**Exercise data:**
===============
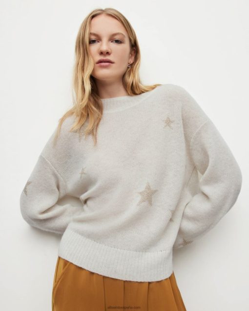 AllSaints suéter rhoda con cuello alto mujer L02RH2528 blanco tiza
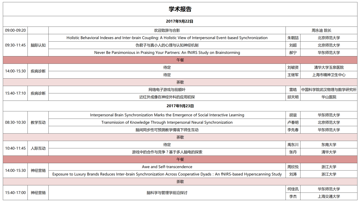 1. 会议日程:“社会脑 互动脑 健康脑”主题研讨会具体安排如下图。
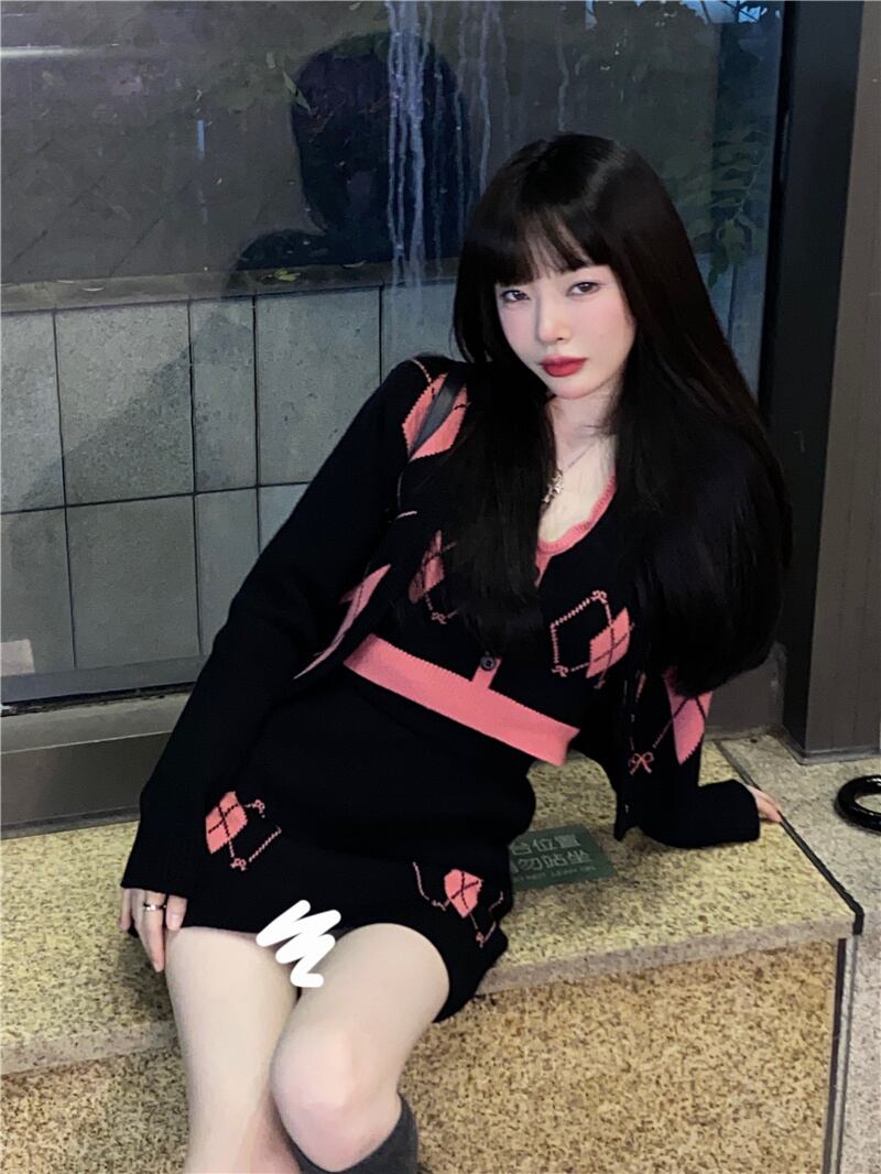 ニットスカート オータムカーディガントップス ショートセット 大人ガーリー スウィート キュート カジュアル 秋物 10/5 秋冬 オータム ウインター ナチュラル mi4690012103073
===============
**What the task asks:**
Ignore the images and quote every line of the listing exactly.

**Exercise output:**
 AllSaints suéter rhoda con cuello alto mujer L02RH2528 blanco tiza
 1. 会议日程:“社会脑 互动脑 健康脑”主题研讨会具体安排如下图。
 ニットスカート オータムカーディガントップス ショートセット 大人ガーリー スウィート キュート カジュアル 秋物 10/5 秋冬 オータム ウインター ナチュラル mi4690012103073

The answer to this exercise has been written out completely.